22 Nisan 2008 Salı

... kırkınında kalbi kırık kalp ...




Kalbim ilk günkü gibi iyileşmiyor artık … eskisi gibi boşvermiyor olağanlara …her şamarda bilenip için için , yine yüzünü değiştirip birdaha patlatıyorlar yüzüme sanki …benmi çok salağım , bu kadar saf bekliyorum herkesi yüreğime … yoksa insanların duyguları mı çok monotonlaştı … el değmez bir pervasızlık herkeste … dün gözyaşını silen , bugün neden içine içine akıtıyor pis kanını…

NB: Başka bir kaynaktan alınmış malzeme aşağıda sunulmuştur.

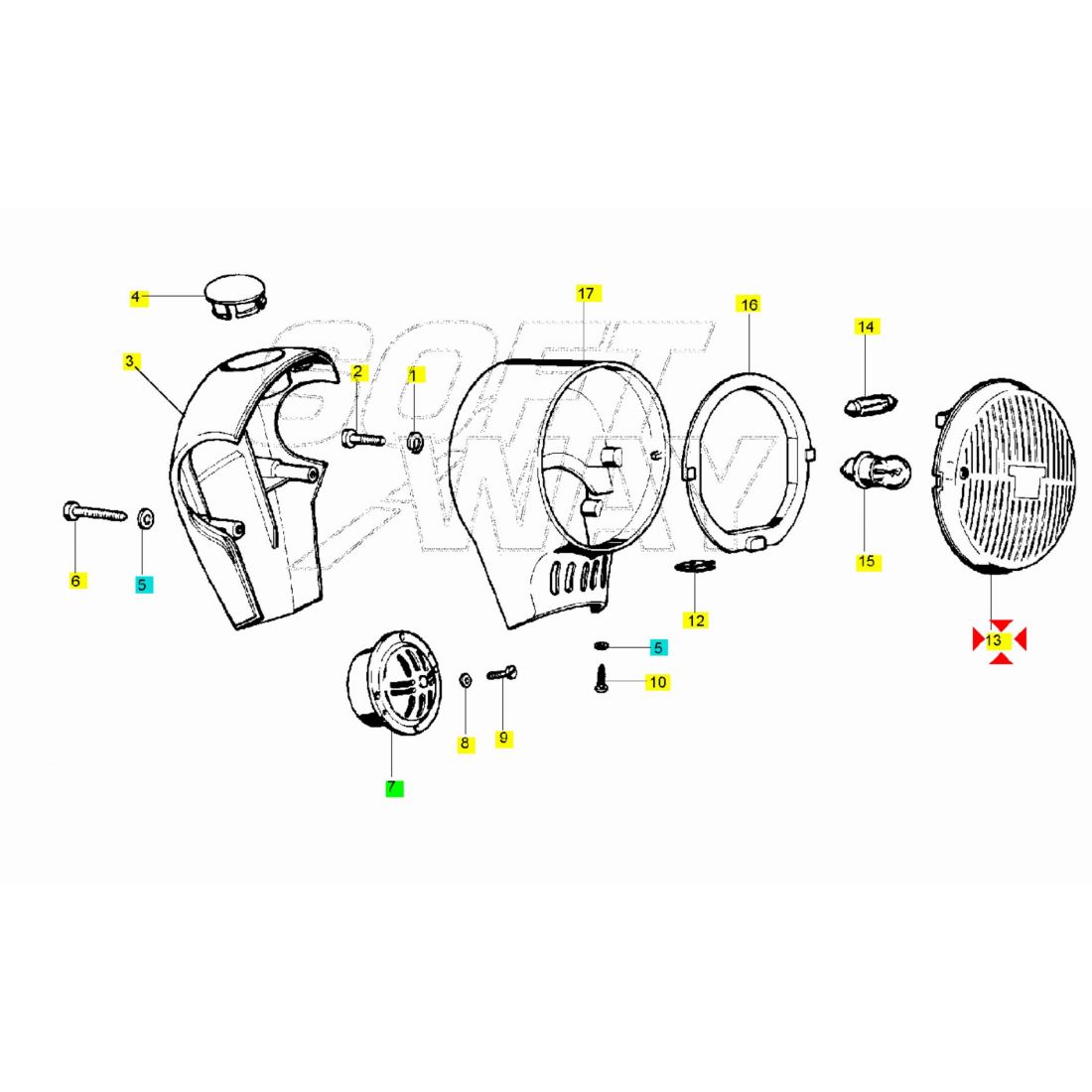 (R.13493) Vendo gruppo ottico del fanale anteriore nuovo per Piaggio Grillo dal 1989 simile a codice Piaggio 255432 , per applicazioni e spaccato vedere foto , più modelli disponibili :
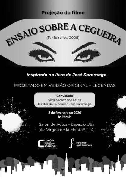 El Centro de Lengua Portuguesa de Cáceres le invita a la proyección de la película «Ensaio sobre a Cegueira» (2008) dirigida por Fernando Meirelles e inspirada en la célebre novela de José Saramago. Esta poderosa adaptación cinematográfica propone una reflexión profunda sobre la condición humana, la fragilidad de la civilización y los límites de la solidaridad, en un mundo totalmente sumergido en la ceguera colectiva. La sesión contará con la presencia especial de Sérgio Machado Letria, Director de la Fundación José Saramago.La película será proyectada en versión original, con subtítulos.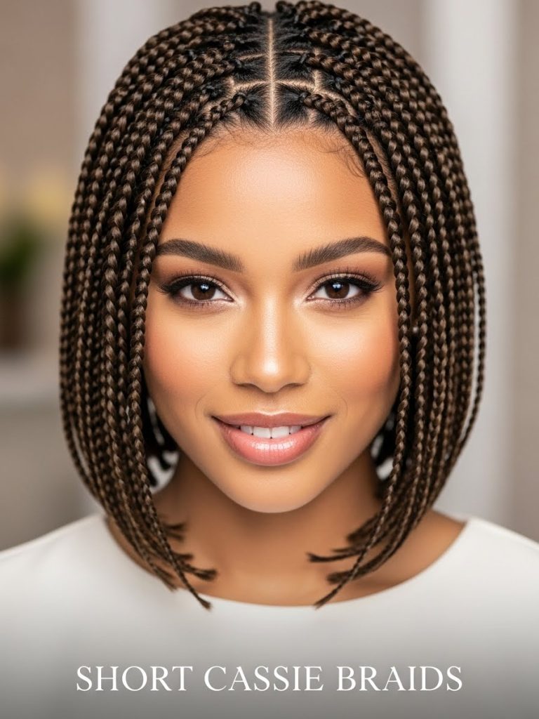 These braids stop around the neck or shoulders. They are light, easy to manage, and perfect for hot weather. Short Cassie braids are great for women who do not like heavy hairstyles.
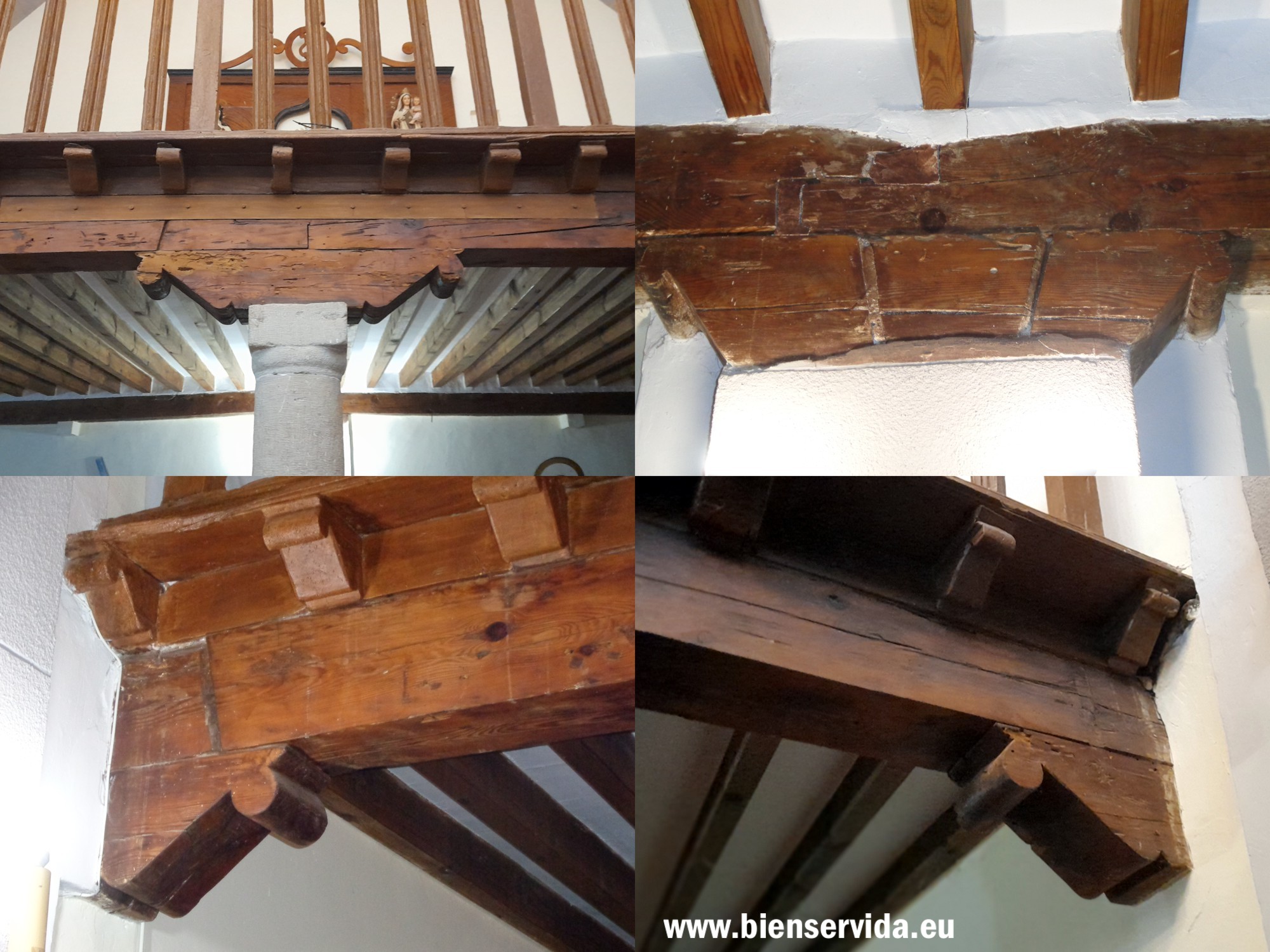 Sobre esas dos vigas maestras se apoyan un conjunto de vigas perpendiculares (jaldetas) que son la base de la plataforma que constituye el suelo del coro. Encima de la viga maestra, un canecillo central y doce más a cada lado (nuevamente encontramos el simbólico número 12 en un elemento de la iglesia) sustentan una balaustrada de madera, que delimita el espacio del coro.

kalbim ilk günkü gibi atamıyor heyecanla … ilk günkü gibi sevmiyor çünkü kimse kimseyi … yarınına saklıyor herkes bir çıkar için sevgisini bile … “neme lazım” bir fikir bütünlüğü var yüreklerde bile demek ki , bugün biraz sev , yarında biraz … nasıl olsa gitmiyor bir yere … peşin bir haykırış duymadım ne zamandır içime doğru bir yerden. Şöyle beynimden akan kan süzüle süzüle akmadı kalbime doğru … hangi aralıkta kimler sevdim , kimleri sövdüm bilmiyorum …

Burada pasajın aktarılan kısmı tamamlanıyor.